Edgar Sison, a paraplegic, led the reading of Apolinario Mabini’s “Decalogue”—a list of “commandments” urging Filipinos to love God, country, environment and their fellowmen. Today marks the 147th birth anniversary of Mabini, the “Sublime Paralytic.”


The reading event, held on July 16, ushered in National Disability Prevention and Rehabilitation Week, celebrated from July 17 to 23 this year.

It was a special “read-and-sign-along” session with students from the Philippine School for the Deaf and Philippine National School for the Blind joining in as the audience. The deaf children were able to “sign-along” with the aid of sign language experts, while the blind children were supplied with a Braille version of the “Decalogue.”


A blind singer, 15-year-old Maricor Book, led the prayer that kicked off the session. She was accompanied by a blind violinist and a blind guitarist. Book sang a special prayer-song tailored for the handicapped.

“I was happy to have had this opportunity to perform and to show others that my blindness is not a hindrance to showing what I’m truly capable of,” said Book, a third year high school student at Ramon Magsaysay High School.

In between segments of the “Decalogue,” members of the Earthsavers Unesco Dream Center sang and danced to the tune of Andres Bonifacio’s “Aling Pag-Ibig Pa,” “Karamay mo si Hesus” and “Walang Sinumang Nabubuhay para sa Sarili Lamang.” They capped the reading with an emotional rendition of “Pilipinas Kong Mahal.”

Enhancing strengths

“I do all sorts of things with the group, like acting, singing and dancing, to spread disability awareness and help people understand our place in society,” Sison said. He said performing has boosted his self-esteem.

Like Mabini, Sison was afflicted with polio as a child, and goes about his daily routine in a wheelchair.

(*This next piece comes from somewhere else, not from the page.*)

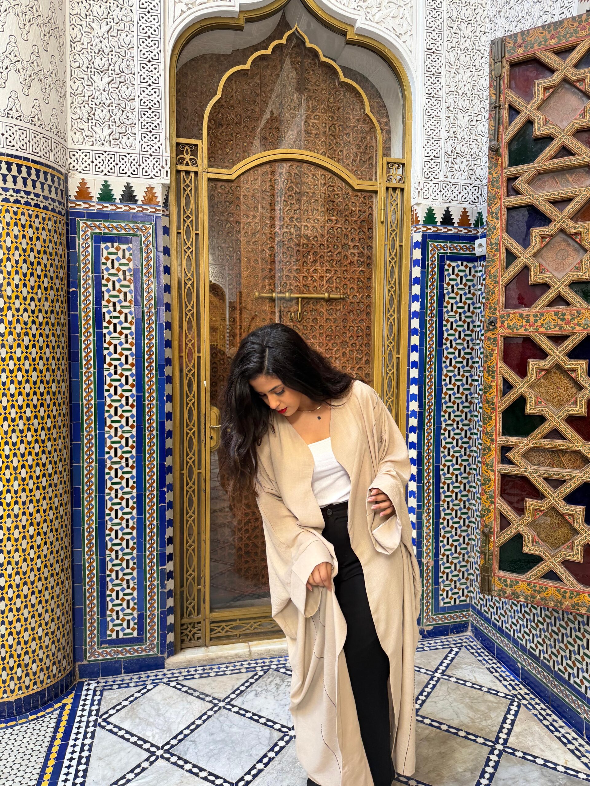 Discover premium abayas designed for the modern modest woman. Luxury fabrics, graceful cuts, and effortless sophistication.

“One should not be ashamed of his weaknesses and focus instead on enhancing his strengths,” added Sison, now a programmer in a leading firm after earning a computer science degree in 2007.


Triple celebration

Cecille Guidote-Alvarez, director of the Unesco Dream Center, spearheaded the event and prepared a repertoire to usher in Disability Prevention Week and the triple celebration this year of the Sesquicentennial Celebration of Jose Rizal, the 25th anniversary of Edsa, and the selection of the Philippines as the “1st Asean (Association of Southeast Asian Nations) Culture Capital.”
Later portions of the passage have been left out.